国連人権理事会が圧力を加える中、スポーツ仲裁裁判所が「男性ホルモン値が高すぎる女子選手の出場を禁じる規定」を認める

 NHK によりますと、男性ホルモンの一種テストステロンの値が高すぎる女子選手が国際大会の出場を禁じる規定は差別との訴えがスポーツ仲裁裁判所(= CAS)で退けられたとのことです。

 身体能力は男子の方が(平均として)優れています。そのため、実質的な男子選手が「女子選手」として大会に出場できるのであれば、競技の公平性が担保されなくなってしまいます。CAS が下した判断は適切だったと言えるでしょう。

 

 男性ホルモンの値が高い女子選手が、国際大会に出場することを制限する国際陸上競技連盟の規定は差別に当たるなどとして、南アフリカの女子選手が規定の無効を求めている問題で、CAS=スポーツ仲裁裁判所は選手の訴えを退け国際陸連の規定を認める裁定を下しました。

 (中略)

 議論となった国際陸上競技連盟の規定をめぐっては、国連の人権理事会がことし3月、厳しく非難する決議案を採択していました。

 スポーツでは「身体能力」が結果を大きく左右します。男性ホルモンであるテストステロンは「筋肉の増強」の効果があるため、出場選手の平均を大きく超える数値を記録している選手の出場は認められるべきではありません。

 今回のキャスター・セメンヤ選手のケースはこれに該当するのですから、国際陸連の「薬を服用するなどして一定の値まで下げない限り、国際大会への出場は認めない」とした規定は当然と言えるでしょう。

 

女子選手の大会に “肉体的には男子の選手” が出場して良いのか

 セメンヤ選手の件で問われているのは「女子選手の大会に “男子選手の肉体能力” を持った選手が出場して良いのか」です。

 「生まれつき男性と同じ身体能力を持った女性」や「身体は男性だが、精神は女性」といったアスリートが実際に存在するのです。これらのアスリートが “女子の大会” に出場する資格があるのかが問われているのです。

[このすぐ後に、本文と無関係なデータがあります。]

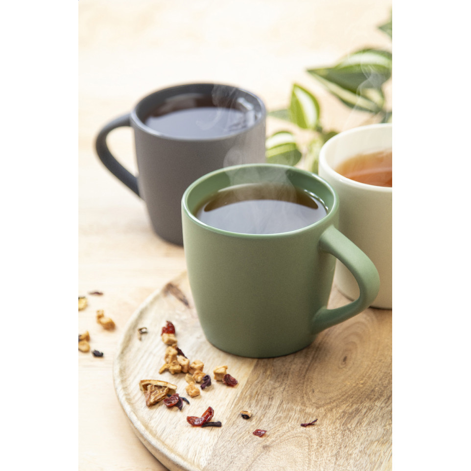 De Matara groene mug is een hoogwaardige keramische beker met een matte buitenkant en glanzende binnenkant. Met een capaciteit van 300 ml wordt deze stijlvolle mug geleverd in een kraft papieren doos, perfect voor dagelijks gebruik op kantoor of thuis.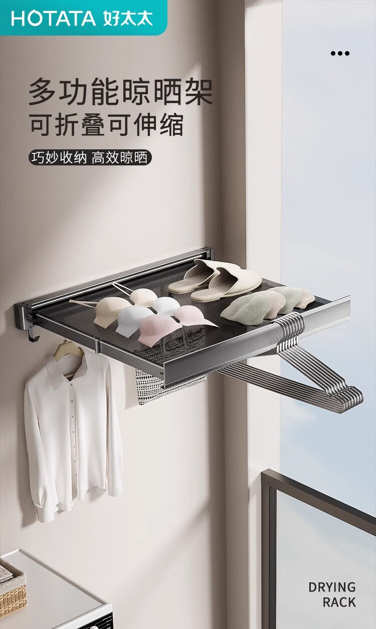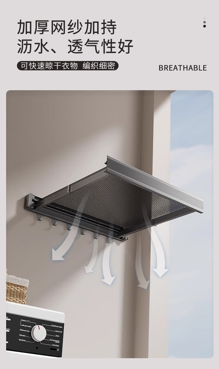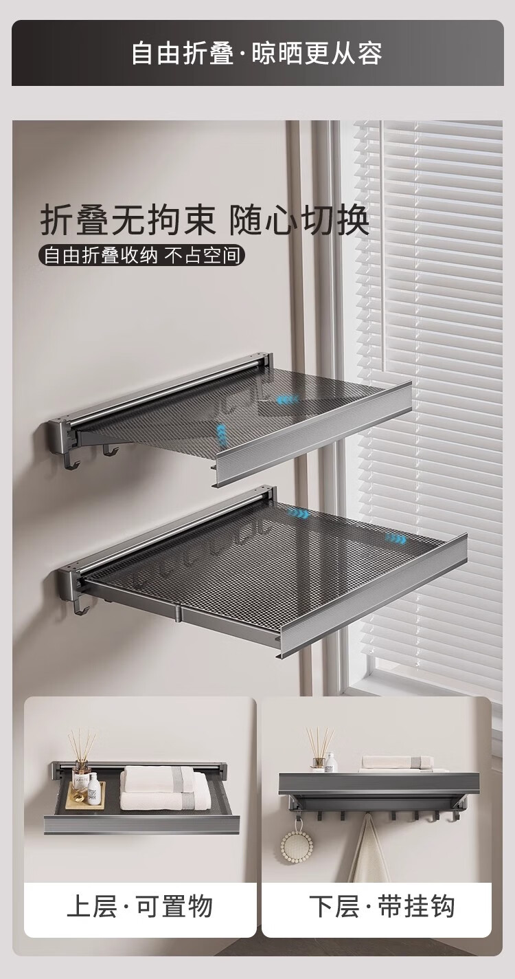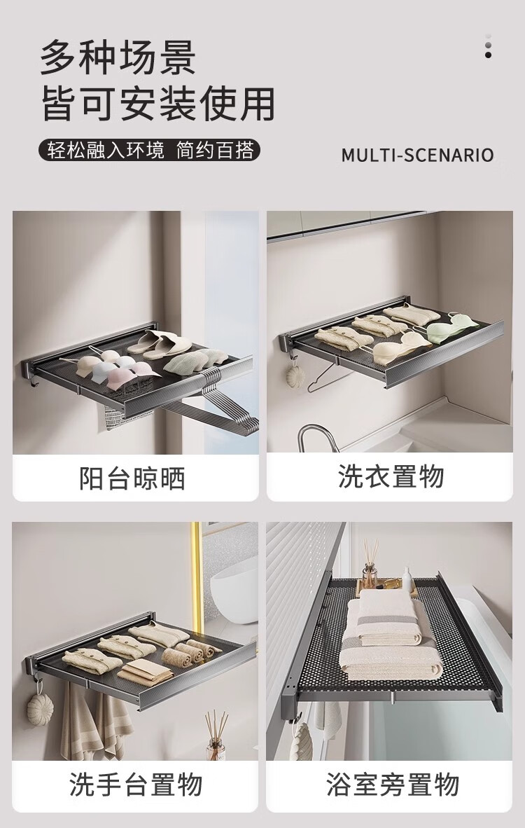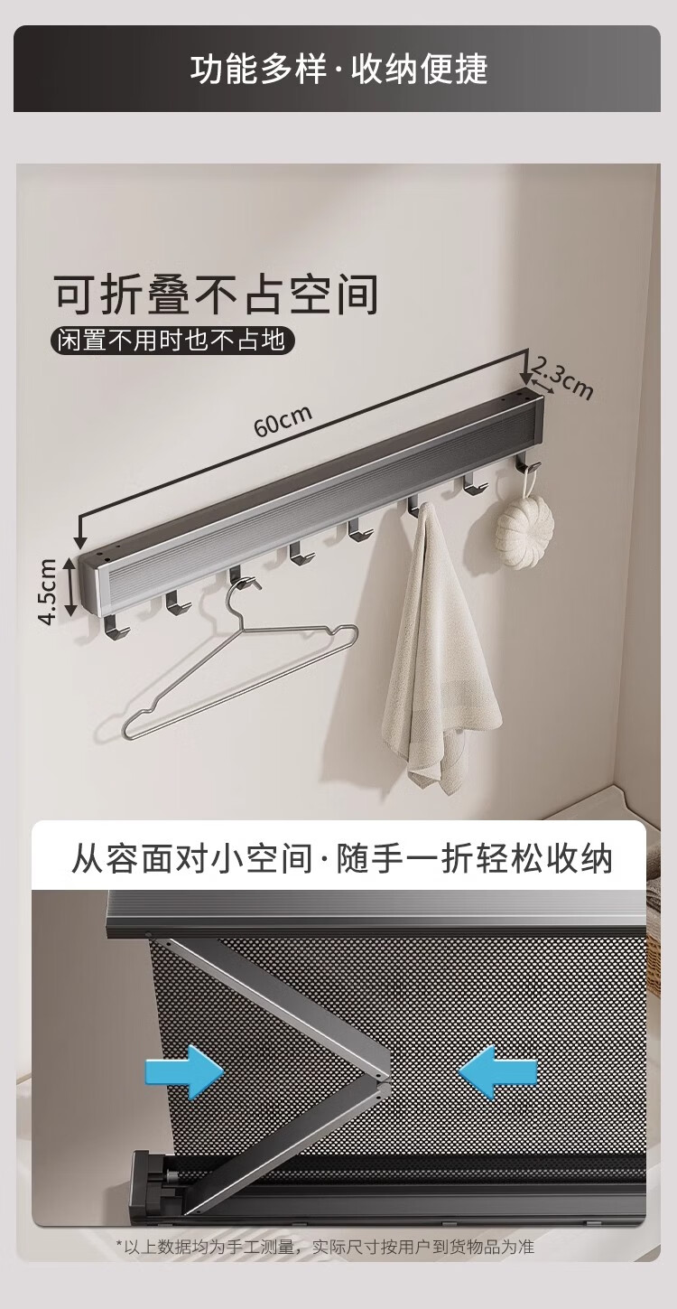 Good wife multifunctional home bathroom/balcony can store things and can be laid flat for drying. The wall rack can be retracted and stored with hooks. Large size 60cm can be retracted and stored with 8 hooks.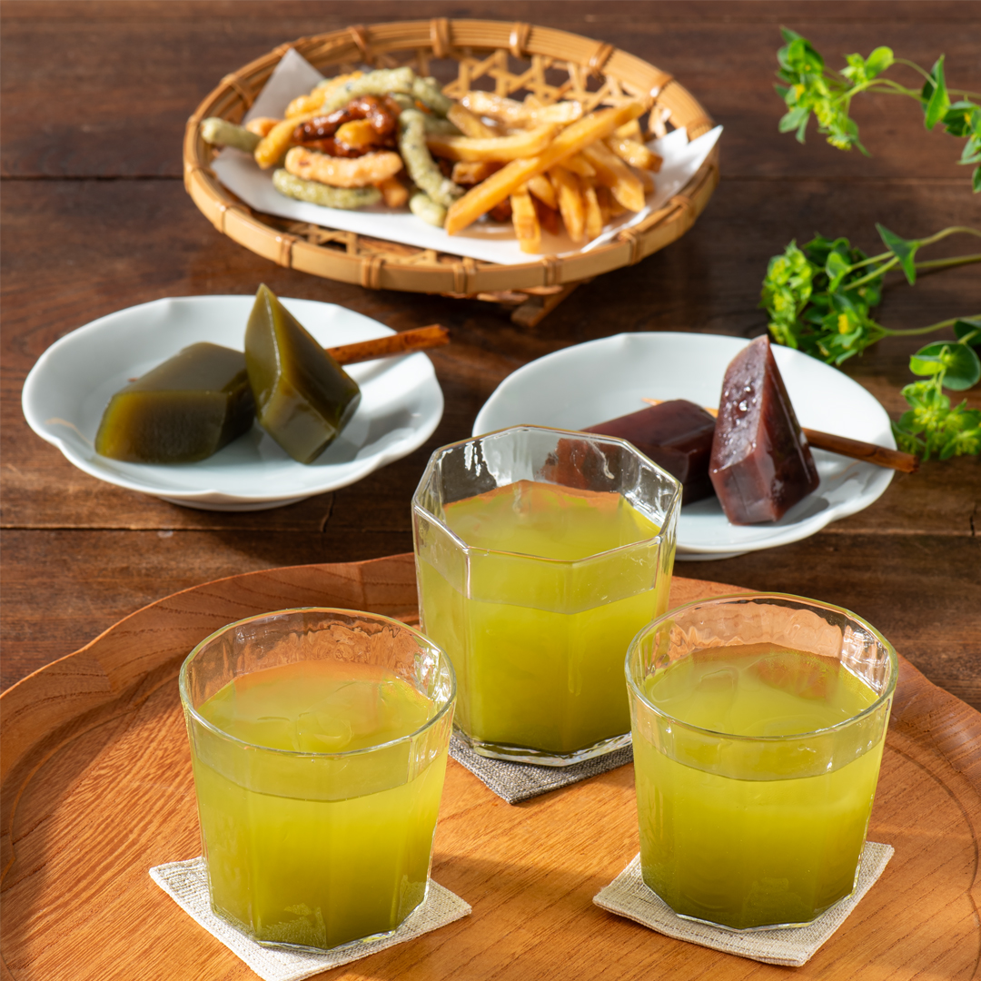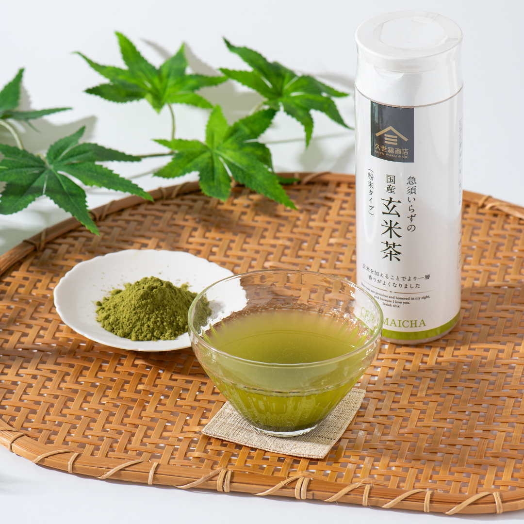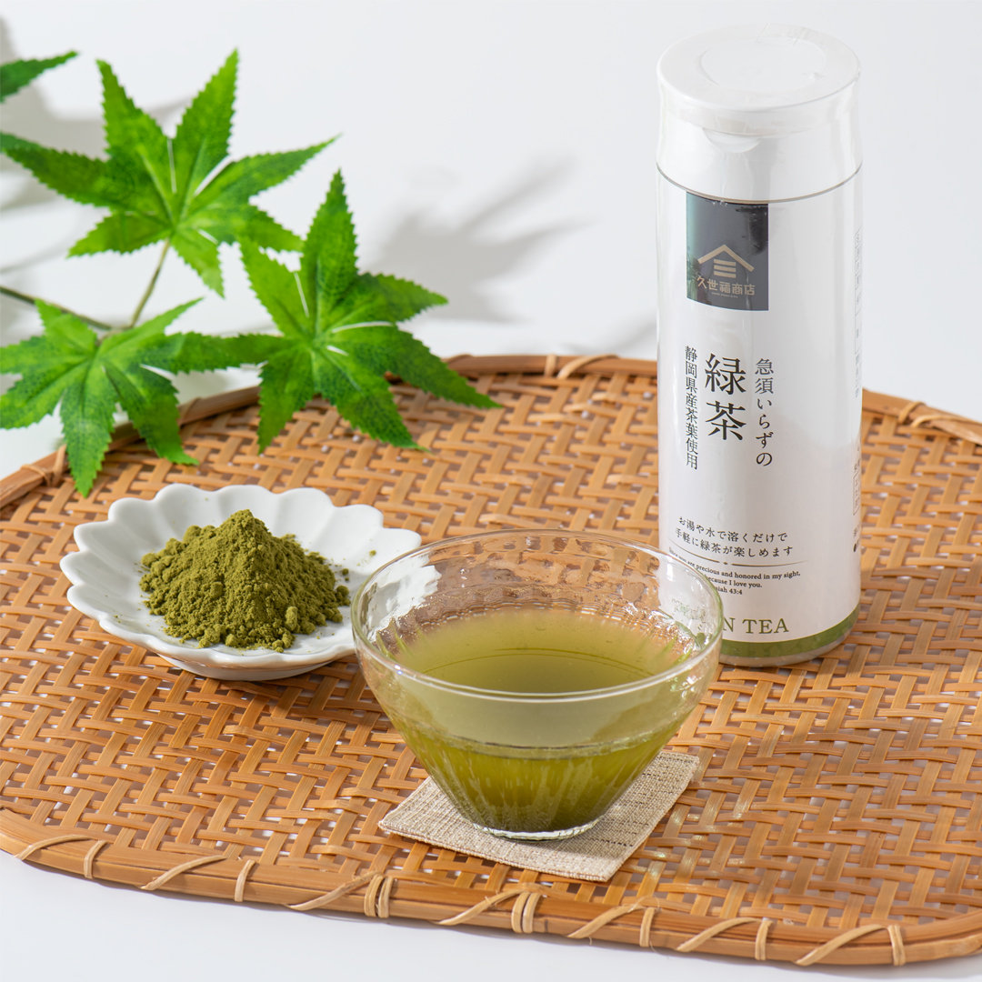 お湯でも水でも溶ける、急須いらずの粉末茶。手軽に淹れられて片付けも簡単。何杯でも楽しみたくなるお茶の香りです。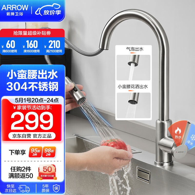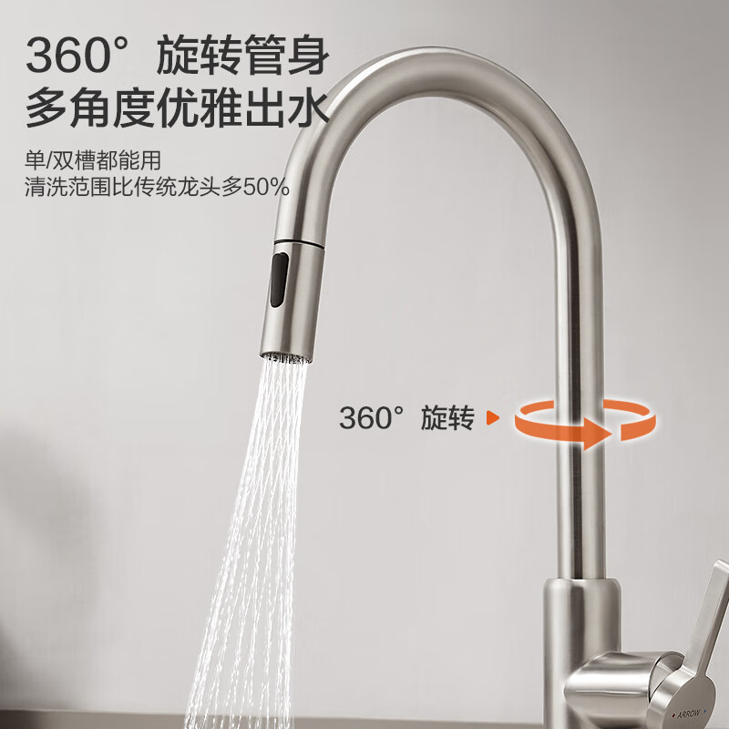 箭牌(ARROW) 厨房304不锈钢厨房龙头冷热抽拉式龙头洗碗盆洗菜盆 【热款】小蛮腰出水抽拉龙头4551价格:299.00元!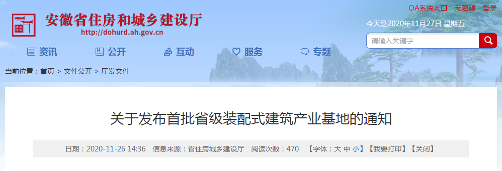 11月26日,安徽省住房和城鄉(xiāng)建設(shè)廳公布了關(guān)于發(fā)布首批省級(jí)裝配式建筑產(chǎn)業(yè)基地的通知,安徽富煌鋼構(gòu)股份有限公司成功入選,此番榮譽(yù)的獲得將會(huì)積極推進(jìn)富煌裝配式建筑全產(chǎn)業(yè)鏈的快速發(fā)展。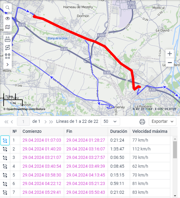 . Al hacer clic en tal icono, el mapa se centra en el segmento correspondiente y este se resalta con una línea roja. Esta función también está disponible para la tabla Viajes del informe por conductor.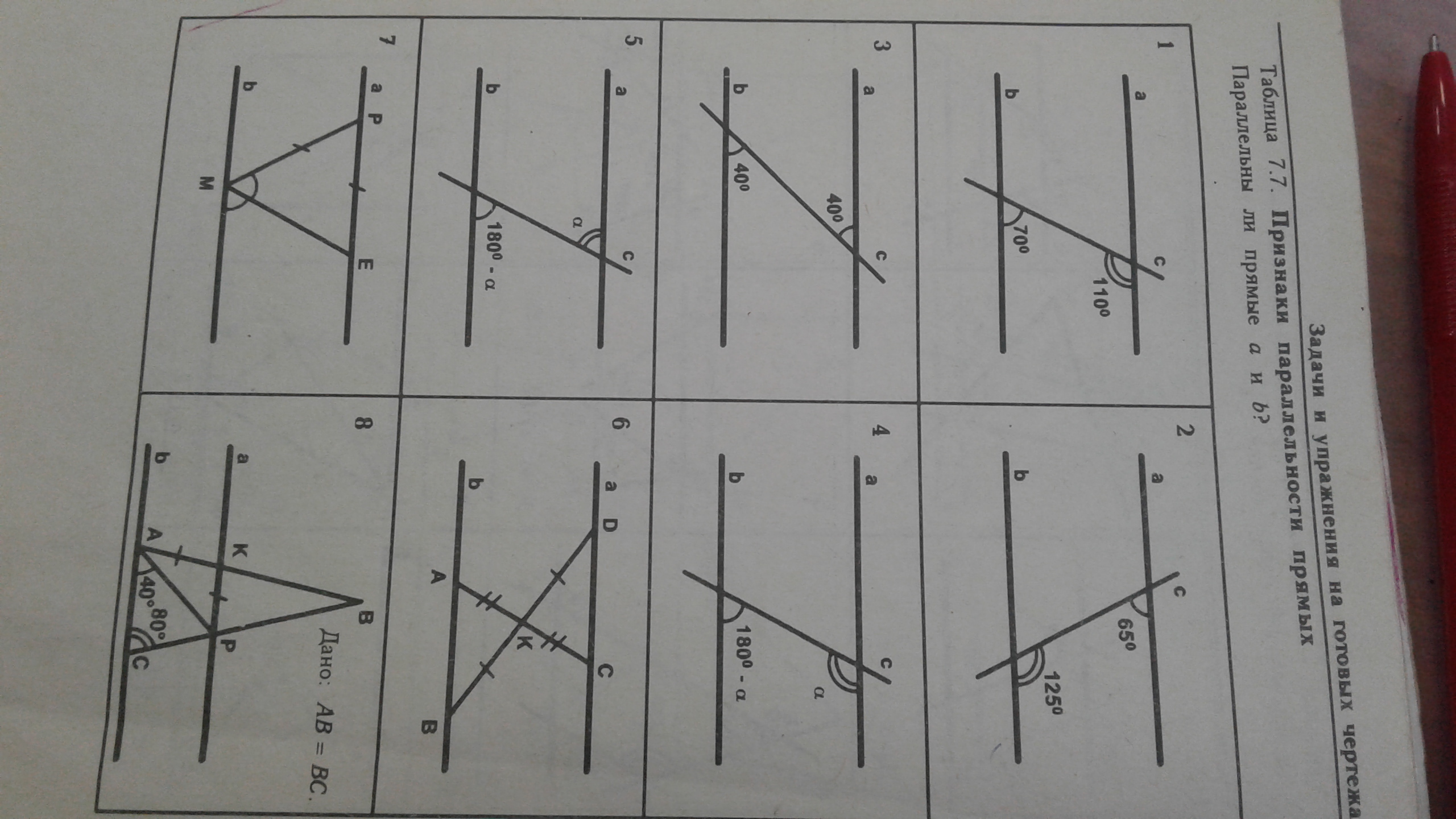 7. ∠E=∠bME(односторонние углы)=>a||b
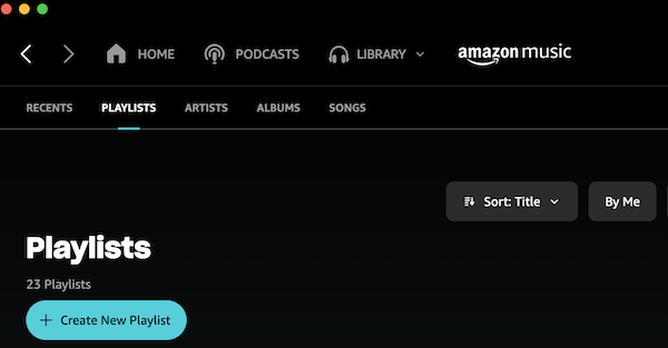 1. Abre la lista de reproducción de Amazon Music. Abre la aplicación de escritorio de Amazon Music o el reproductor web y haz clic en BIBLIOTECA – Música – LISTAS DE REPRODUCCIÓN.
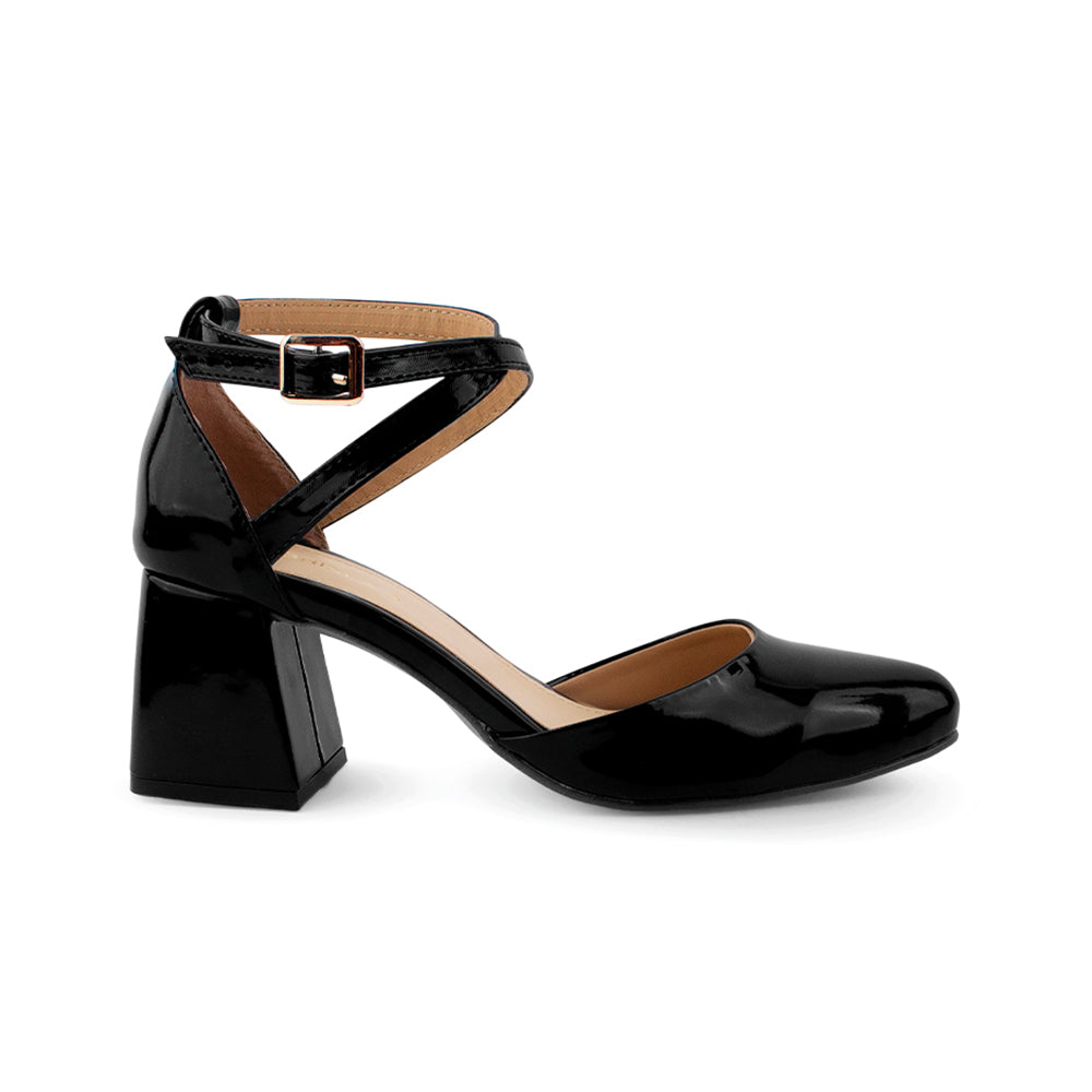 Zapatilla Negro Mujer Tacon Acampanado Moda Puntal Formal Casual 2640098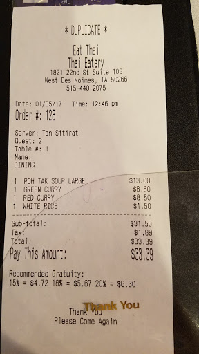 We live in Ames and the two Thai places there are lack-luster. Consequentially, Eat Thai Thai Eatery (ETTE) is our jam. We used to look for excuses to head to the west side of the Des Moines metro to go to Cool Basil, but that place has been going down hill for the last couple of years. ETTE has been consistently excellent and is our new favorite Thai restaurant. Add to that my pregnant wifes love of and constant cravings for spicy vegetarian food, weve been making near-weekly trips to ETTE. Pricing is good, service is excellent, and the place is always clean. Id give it six stars if I could.

 なぜなら、上述のアスリートが女子大会への出場を認められると、他の女性アスリートを身体能力で圧倒することになるからです。「競技の公平性」が根幹から揺らぐことになるため、“男性の身体” を持つアスリートが『女子大会』から排除されるのは止むを得ないと言えるでしょう。

 これを否定されると、男子と女子でカテゴリー分けを行う根拠自体が消滅することになるからです。

 

国連人権理事会は「女子選手が男子大会に出場できないのはおかしい」との批判もすべきだ

 国連の人権理事会は「規定は差別」と決議し、スポーツ仲裁裁判所に圧力をかけていました。ただ、この姿勢は欺瞞と言わざるを得ないでしょう。

 なぜなら、「女子選手が男子の大会に出場できない現状」には文句を言っていないからです。「男性(の身体を持つ)アスリートが女子の大会に出場できないこと」を批判するなら、男女の立場を入れ替えた形が認められていない状況も批判しなければならないからです。

 つまり、男女によってカテゴリー分けが行われていることがおかしいと主張しなければ筋が通らないのです。

 そうすることで、セメンヤ選手のように “疑惑を持たれた選手” が出てくることはなくなるでしょう。また、「出場選手数の増加」が IOC を悩ますこともなくなると期待できます。これは男女の区別をなくすことで参加選手の絶対数を減らせるからです。

 これらのメリットがあるにもかかわらず、「女子選手が世界最高を決める男子の大会に出場できない」という “門前払い” の是正に乗り出していない時点で国連人権理事会の存在価値は乏しいと言わざるを得ないでしょう。

 

 競技の公平性を保つために「男女」、「体重別」、「年齢」という形でカテゴリー分けが行われています。これは “優位性を持つ選手” が「下のカテゴリ」に参加できないようにすることが目的の現実的な制約です。

 これを取り払ってしまうと「身体能力が優れたアフリカ系」か「大柄な体格を有するヨーロッパ系」にルーツを持つ男性アスリートしか勝てなくなるでしょう。これを防ぐための制約が存在することは止むを得ないと言えるのではないでしょうか。